Former jam band Stray Suns find their alt-rock groove 

click to enlarge Stray Suns go with the flow toward a tighter new sound. - KIRSTEN AALAND
  • Kirsten Aaland
  • Stray Suns go with the flow toward a tighter new sound.
From opening for Robert Randolph & The Family Band at the Black Sheep to their upcoming CD release show at Oskar Blues, Stray Suns are beginning to make their presence felt on the local music scene. Jake Oakey and his band’s current lineup — Addison Slone on guitar, Tim Miller on bass and Joe Della Penna on drums — have also changed their sound over the past two years, turning away from what the frontman describes as “pseudo jam band” improvisations toward a more succinct alternative funk-rock approach. As proof, tracks on their new Until Further Notice album run from four to six minutes, an evolution that’s also reflected in live shows.

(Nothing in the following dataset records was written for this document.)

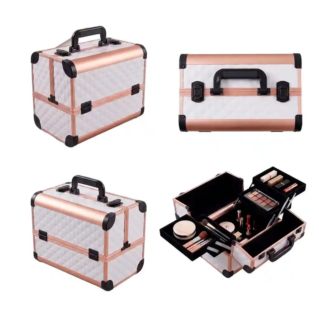 Esta elegante cosmetiquera profesional de diseño rígido es la solución definitiva para organizar y transportar tu kit de belleza con total seguridad y estilo. Fabricada con una estructura de aluminio reforzado y paneles con acabado texturizado en 3D de alta resistencia, protege tus cosméticos contra golpes y caídas, mientras que su interior desplegable con bandejas multinivel permite clasificar brochas, paletas y envases de forma eficiente. Su amplio compartimento inferior es ideal para objetos de mayor tamaño, y su asa ergonómica superior, junto con el sistema de cierre seguro, garantizan un transporte cómodo y privado. Con un acabado sofisticado en tonos rosa metálico y negro, este cofre no solo optimiza tu espacio de trabajo, sino que también añade un toque de profesionalismo a tu rutina de belleza diaria, convirtiéndose en el accesorio indispensable para maquilladores, manicuristas y amantes del cuidado personal. FICHA TÉCNICA Producto: Maletín Neceser Profesional para Maquillaje Estructura: PVC Paneles: Acabado diamante 3D resistente a rayones Interior: 4 Bandejas desplegables forradas en fieltro/vinilo Almacenamiento: Compartimento base de gran capacidad Seguridad: Cierres de pestillo con sistema de seguridad (broches de presión) Portabilidad: Asa de mano superior ergonómica antideslizante Dimensiones: 22 cm de largo x 31 cm de ancho x 27 cm de alto (aproximadas) Limpieza: Material exterior impermeable de fácil mantenimiento Garantía: 1 mes por defectos de fábrica POLÍTICA DE GARANTÍA Y RETRACTO Este producto cuenta con 1 mes de garantía por defectos de fábrica (como fallas en las bisagras, remaches sueltos o deformaciones del marco); por favor revise el maletín al recibirlo, ya que no aplica garantía por abolladuras, cortes en el forro interno o daños causados por sobrecarga posteriores al uso. Dispone de máximo 5 días para reportar novedades (piezas faltantes o daños de transporte). Para cualquier devolución por retracto, es indispensable entregar el producto en su empaque original en perfecto estado y sin señales de haber sido utilizado con maquillaje.
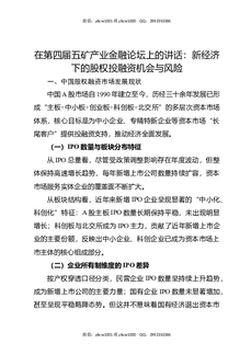 在第四届五矿产业金融论坛上的讲话:新经济下的股权投融资机会与风险.docx
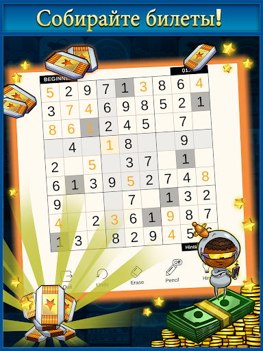 Итак, чего же вы ждёте? Загрузите «Sudoku» прямо сейчас, чтобы получить доступ к ещё большему количеству потрясающих игр и денежных призов, причём совершенно БЕСПЛАТНО! С помощью «Sudoku» любой может заработать деньги, просто играя в бесплатные игры — дома, на автобусной остановке, в метро, в общественном транспорте и т. п. Играйте ГДЕ УГОДНО!
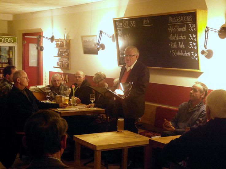 Das Publikum dankte dem Vorleser mit großem Beifall und genoss den unterhaltsamen Abend in der gemütlichen Atmosphäre des Hofcafés Medewege.
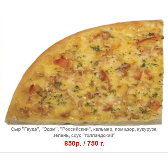 Сыр "Гауда", "Эдэм", "Российский", кальмар, помидор, кукуруза, зелень, соус "голландский"
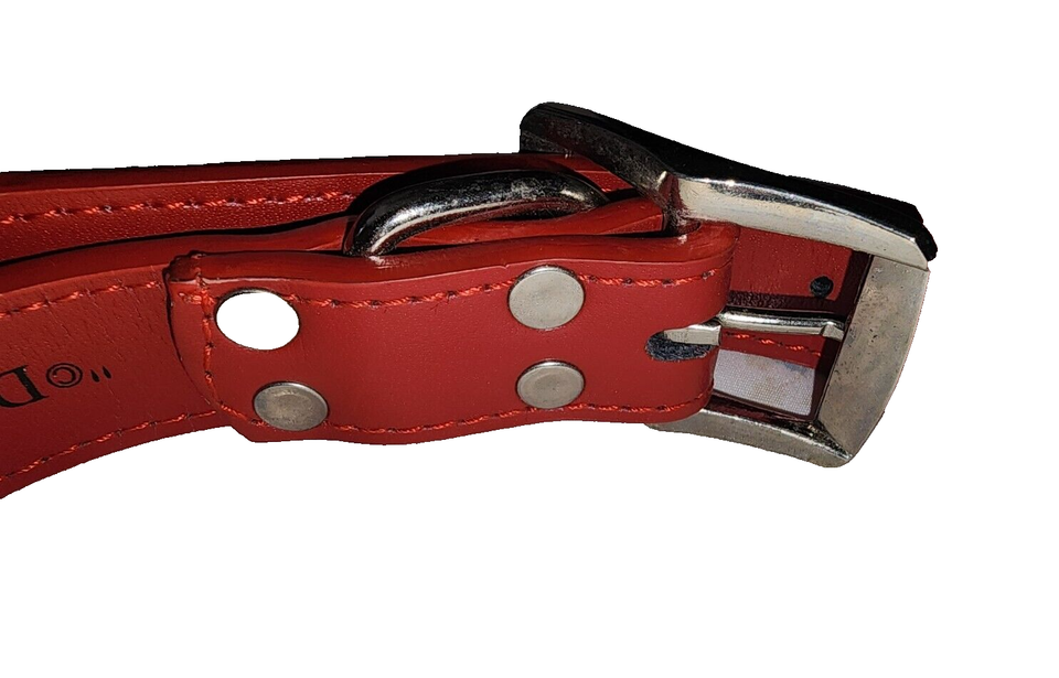 Mickey Mouse Disney Red Leather Dog Collar Chrome Buckle Ring 16"-21" Neck
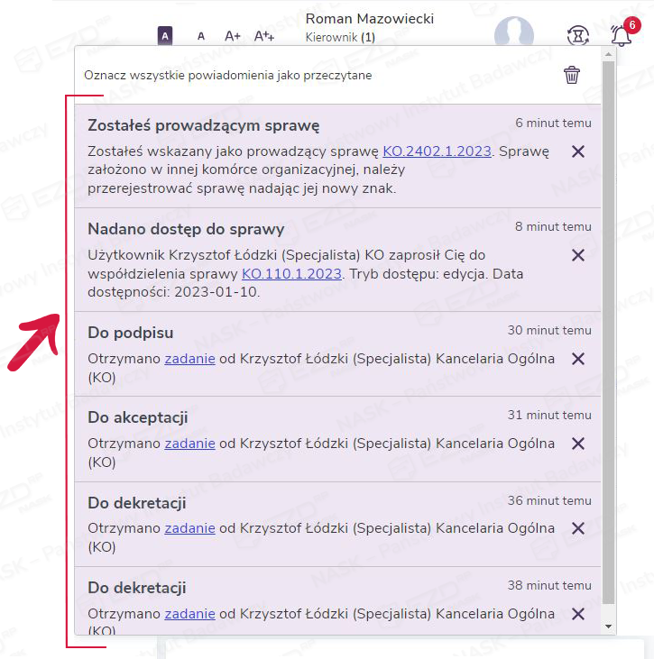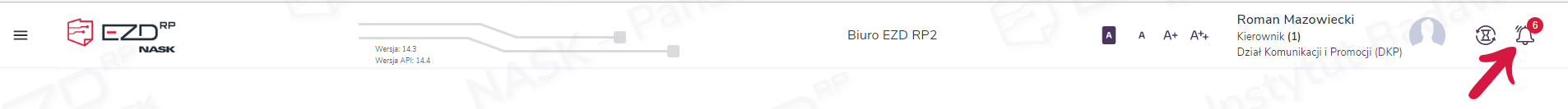 System EZD RP wykorzystuje moduł automatycznego generowania powiadomień. Są one widoczne po zalogowaniu użytkownika i sygnalizowane w menu górnym pod symbolem alarmu (ikona dzwonka wraz licznikiem informującym o liczbie nieprzeczytanych powiadomień).
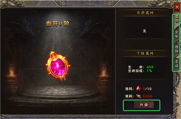 1. 玩家能够对血符、魂珠、玄甲、龙戒等装备进行升级,各装备的属性加成存在差异,玩家可按需针对性升级。
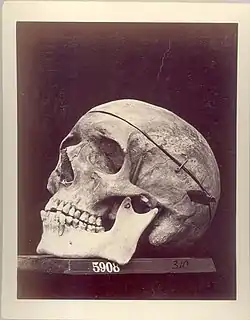 1870s American male skull. The angle of the mandible is visible just above the white number.

“We tightened the songs up, but I don’t think that was ever intentional,” says singer-guitarist Oakey, who also writes most of the band’s songs and all of their lyrics. “I think it’s just the way that the music feels and flows when we’re on the stage. It’s like, ‘This seems like it’d be a good place to stop, so let’s stop.’”

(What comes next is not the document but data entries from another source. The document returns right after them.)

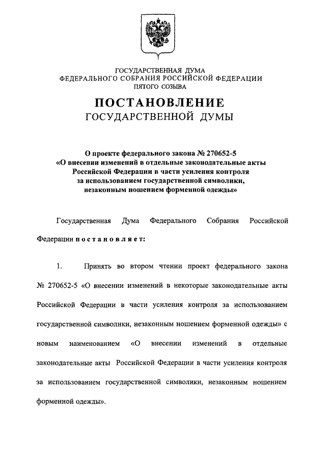 "О ПРОЕКТЕ ФЕДЕРАЛЬНОГО ЗАКОНА N 270652-5 "О ВНЕСЕНИИ ИЗМЕНЕНИЙ В ОТДЕЛЬНЫЕ ЗАКОНОДАТЕЛЬНЫЕ АКТЫ РОССИЙСКОЙ ФЕДЕРАЦИИ В ЧАСТИ УСИЛЕНИЯ КОНТРОЛЯ ЗА ИСПОЛЬЗОВАНИЕМ ГОСУДАРСТВЕННОЙ СИМВОЛИКИ, НЕЗАКОННЫМ НОШЕНИЕМ ФОРМЕННОЙ ОДЕЖДЫ"
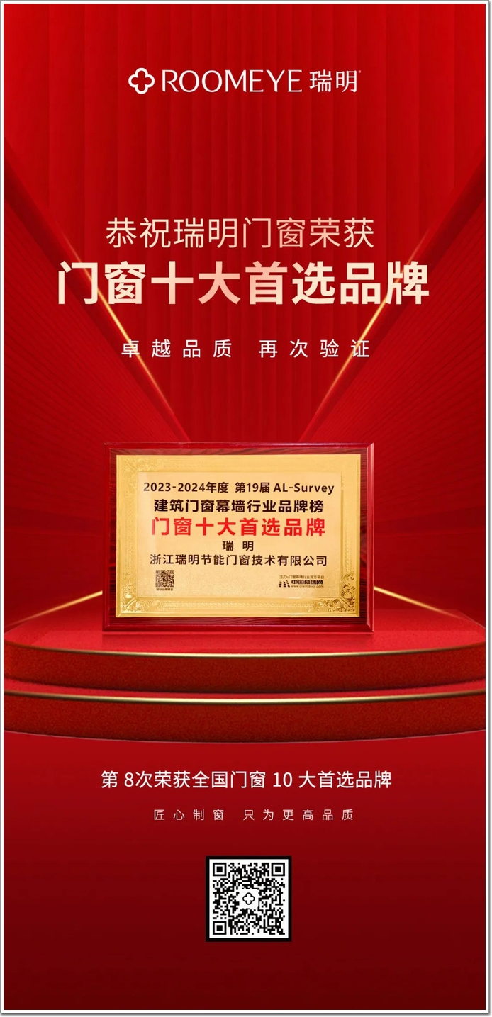 瑞明榮登中國門窗十大首選品牌,是權威對瑞明產品品質的認可與肯定!
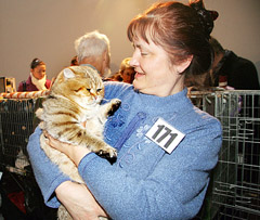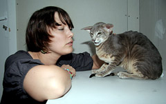 GROŽIS: Vilnietė Vaida į parodą atsivežė Lietuvoje populiarėjančius orientalus — rytietiško grožio katiną Abubį. Draugiški, šuniško charakterio katinai kainuoja 1,5-4 tūkstančius litų.
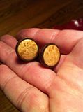 Someone asked about making cuff links. I had tried a set last year so I had an idea about them. I wanted to try something a little different so I figured I could do a 2 wood set. The insets are 5/8 on the top and 5/16 on the bottom. They are just a hair over 1 inch total length and just shy of 3/4 wide across the top. The ebony and acrylic was a test to see if I could inset it. Comment and and Critiques are welcome and thanks for looking
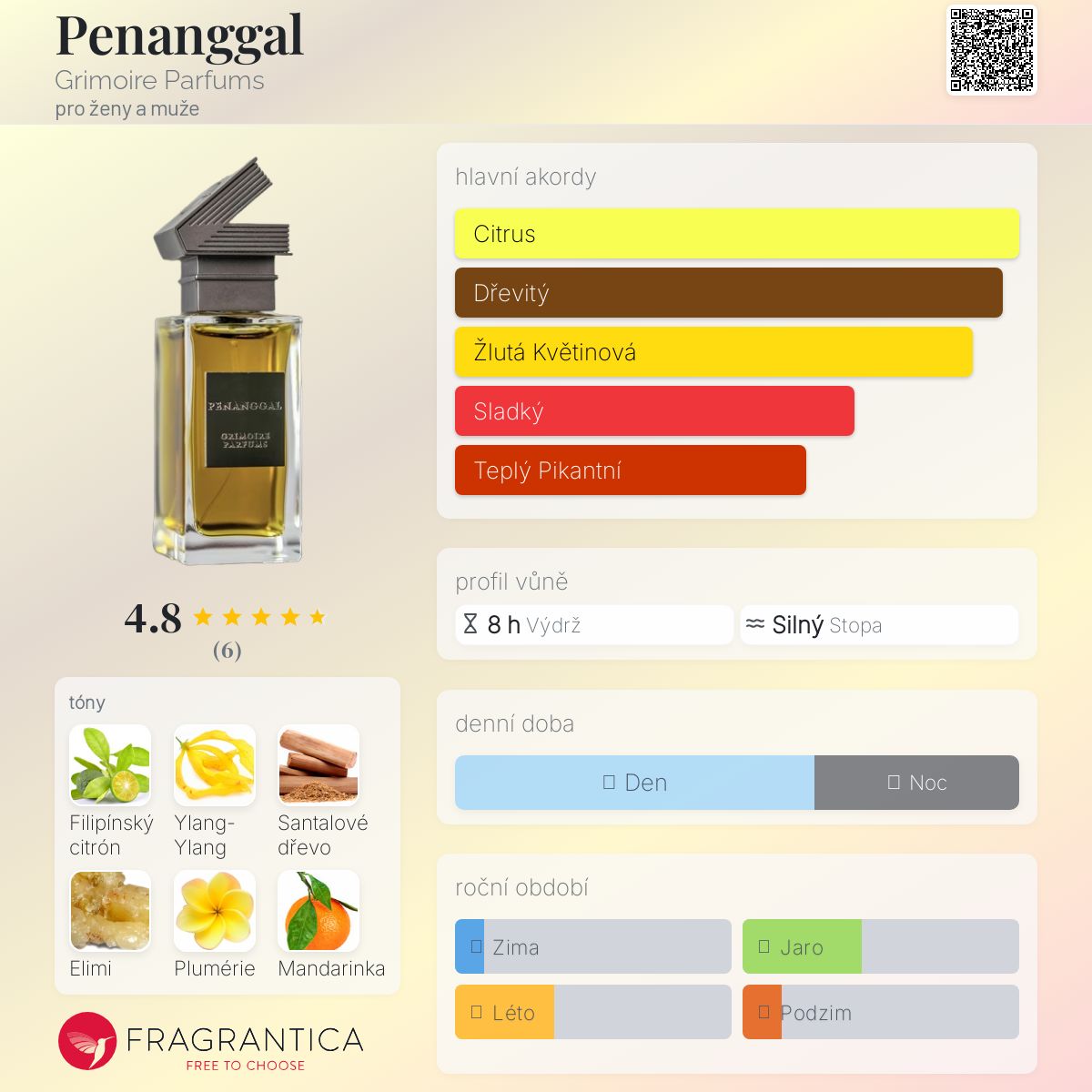 Penanggal podle Grimoire Parfums je vůně pro ženy a muže. Toto je nová vůně. Penanggal byl/a uveden/a v roce 2025. "Nosem" za touto vůní je Trung Vu. Vrchní tóny jsou Filipínský citrón, Elimi, Mandarinka, Papája, Pomelo, Koriandr a Zázvor; střední tóny jsouYlang-Ylang, Plumérie, Janovec a Magnólie ; základní tóny jsou Santalové dřevo, Dubový mech, Hřebíček, Pižmo a Jantar (ambra).
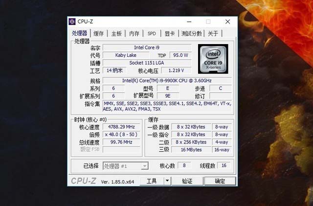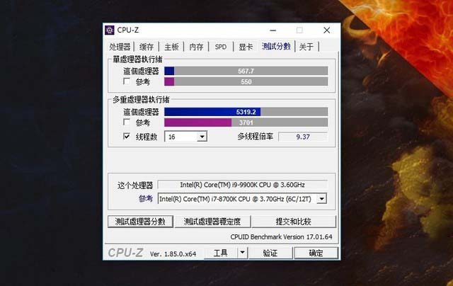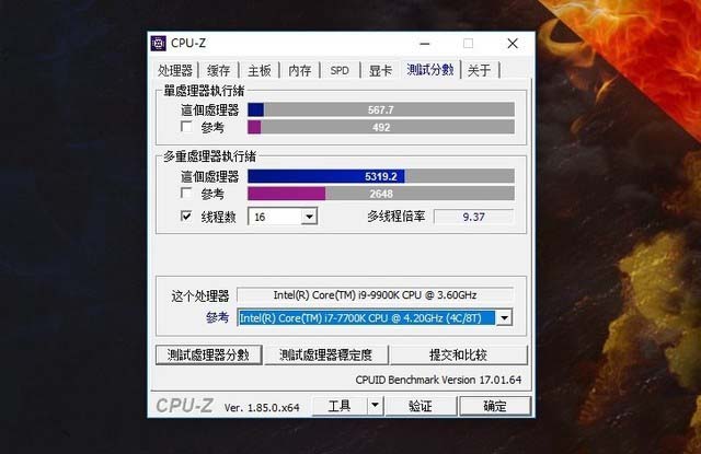 先看CPU-Z性能測試情況,通過測試可以看到酷睿i9 9900K單核評分567.7分,多核評分5319.2分,相對于酷睿i7 7700K來說性能提升超過2倍,相對于上一代酷睿i7 8700K來說性能也有較大幅度提升。
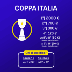 A partire dalla 3ª giornata di Serie A avrà inizio la Coppa Italia, alla quale parteciperanno tutte le 272 squadre del fantacalcio Esclusivo. Le squadre saranno suddivise in 2 gruppi da 136 e si sfideranno in scontri diretti casuali. Ogni vittoria assegnerà 3 punti, ogni pareggio 1 punto, ogni sconfitta 0 punti. La somma dei punti determinerà la classifica.

Oakey’s earlier jam-band inclinations date back to his stint in The Charlie Milo Trio. A fledgling guitarist at the time, he takes full blame for what he feels was one of the worst incarnations of the experimental jazz-funk bassist’s ever-shifting lineup. And while Milo clearly knows how to make overtly complex arrangements work in a live setting, Oakey wasn’t prepared to go there.
“We don’t want people to come out and go, ‘Oh, these guys are just trying to stroke their egos,’” he explains. “If we’re going to do something in an odd time signature, we want people to try and dance to it. There’s nothing funnier than seeing someone trying to dance to a song that’s in 5/6 time.”

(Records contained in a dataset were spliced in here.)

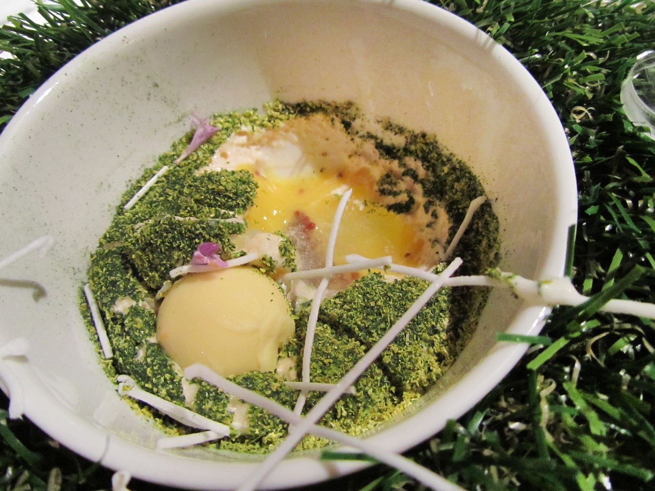 Image 43: We were instructed to start with the chives at the bottom, then move upward to spiced tomato, the smoked paprika, and to finish with Sichuan pepper! A sophisticated course!
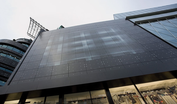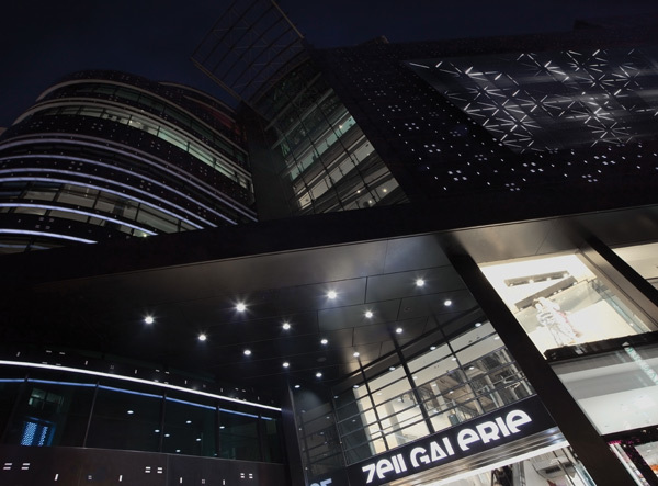In ihrer Eigenschaft als Markenarchitektur sollte das Erscheinungsbild der Zeilgalerie Zeitströmungen und Designtrends widerspiegeln können. Mit Hilfe einer komplex programmierten Lichtinszenierung wird das Aussehen der Zeilgalerie wandelbar und schafft mit seiner Mehrdeutigkeit die Voraussetzung für individuelle Lesbarkeit und Identifikation. Zudem erzeugen mehrere unterschiedlich gestaltete Fassadenebenen reizvolle Überlagerungseffekte und optische Tiefenwirkung. Die sanft pulsierende Lichtornamentik der Medienfassade des rechten Baukörpers beinhaltet eine große Vielfalt ästhetischer Bilder: klare geometrische Muster verwandeln sich fließend in organisch anmutende Licht- und Schattenspiele; feine lineare Akzente wechseln sich mit eindrucksvollen großflächigen Effekten ab. Die Lichtinszenierung der Zeilgalerie versteht sich als künstlerisch-abstrakte Umsetzung von Leuchtwerbung, welche seit langem fester Bestandteil der Architektur kommerzieller Gebäude ist. Anstelle konkreter Werbebotschaften transportiert sie die städtische Lebendigkeit des Ortes in Form stimmungsvoller Lichtbilder.
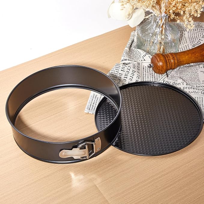 - Stainless Steel Spring Buckles Design: the stainless steel spring buckles of this cake pan round have been upgraded, which are more sturdy and easier to switch, but will not fall off or break, making it easy to pull the cake out nicely
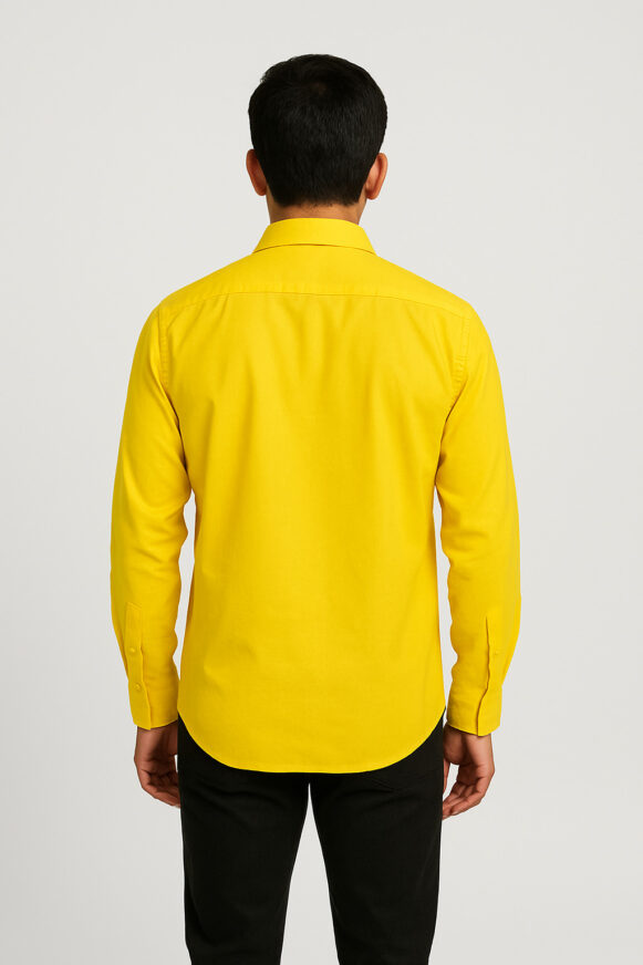 Inject a burst of vibrant color into your wardrobe with this bright yellow men's shirt. Crafted from a premium cotton blend, this shirt features a classic design with a pointed collar, a chest patch pocket, and full sleeves with buttoned cuffs. The smooth matte finish and solid color lend it a clean and polished look—perfect for both casual Fridays and weekend outings. The shirt is tailored in a regular fit for all-day comfort and style.

On Until Further Notice, Stray Suns segue from upbeat material like the opening “Drink, Dance, Funk” to more brooding, Pearl Jam-style fare like “Not a Ghost,” which is anchored by its angst-driven chorus, “Don’t you ever blame this hell on me.”

“I’ve always liked the Counting Crows style of writing,” says Oakey. “They take these kind of really happy-sounding tunes and put dark lyrics behind them.”

And then there are those traces of Eddie Vedder’s gruffly theatrical vocal style, which Oakey insists are unintentional. “Yeah, I get that comparison a lot,” he admits. “I didn’t really listen to any Pearl Jam until I was 20 or 21 years old, when our band first started and our original drummer introduced me to their music. After that, I went on this binge, listening to everything they had. And then, all of a sudden, I heard my voice really starting to move in that direction.”

While his band’s sound may continue to evolve, Oakey says Until Further Notice accomplishes what he’s set out to do. “I told the guys at the beginning of our musical relationship, ‘Look, if nothing else — if this doesn’t go anywhere — I want to put out one album that is exactly the way I want it to sound, that I’m proud of, and that I like listening to in my car.’ That’s ultimately the only goal I’ve had for this band.”